Pasen y vean: el Halloween de los payasos más siniestros del cine
Los recientes estrenos de It: Capítulo 2 y de Joker han devuelto al arquetipo del payaso y el miedo que nos causa en el centro del debate cultural actual. Un miedo que ha cruzado las fronteras de lo real en el caso de Joker y sus estrenos en cines custodiados con vigilantes armados. La viralidad de Internet ha hecho el resto. No sabemos si el bufón asesino ha llegado para quedarse, pero sin duda forma parte del crisol de imágenes que conforman los sueños y los miedos de nuestro presente.
Por supuesto, unos cuantos autores de ficción han trabajado sobre estos temores. Quizá, entre otros motivos, porque la figura del payaso conecta con el mundo infantil y sus fobias superadas o por superar.
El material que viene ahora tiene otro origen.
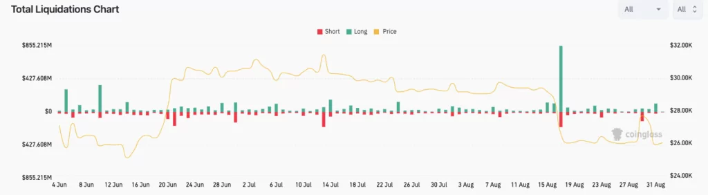 Źródło: Glassnode, AliChartsPrzełamanie 23 000 USD nie byłoby dla części niedźwiedzi zaskoczeniem. Jeden z analityków on-chain przytaczanych przez Cointelegraph wskazał, iż 24 750 USD musi zostać utrzymane, aby byki miały szansę na odreagowanie. Dane CoinGlass wskazały, iż 31 sierpnia wywołał największy wolumen długich likwidacji BTC od czasu 10% spadku Bitcoina na początku miesiąca. Likwidacje wyniosły 41 milionów dolarów, a łączna ich suma wyniosła 108 milionów dolarów.

Y el cine, que nació con un pie y medio en la barraca de feria, en el espectáculo de variedades en contacto con lo circense, no podía dejar pasar la oportunidad de llevarla a terrenos inquietantes desde mucho antes que Halloween se convirtiese en una fiesta global. Al fin y al cabo, ese Joker que nació para enfrentarse a Batman en el muy lejano año 1940, tuvo su precedente en una obra filmada en los últimos tiempos del cine mudo.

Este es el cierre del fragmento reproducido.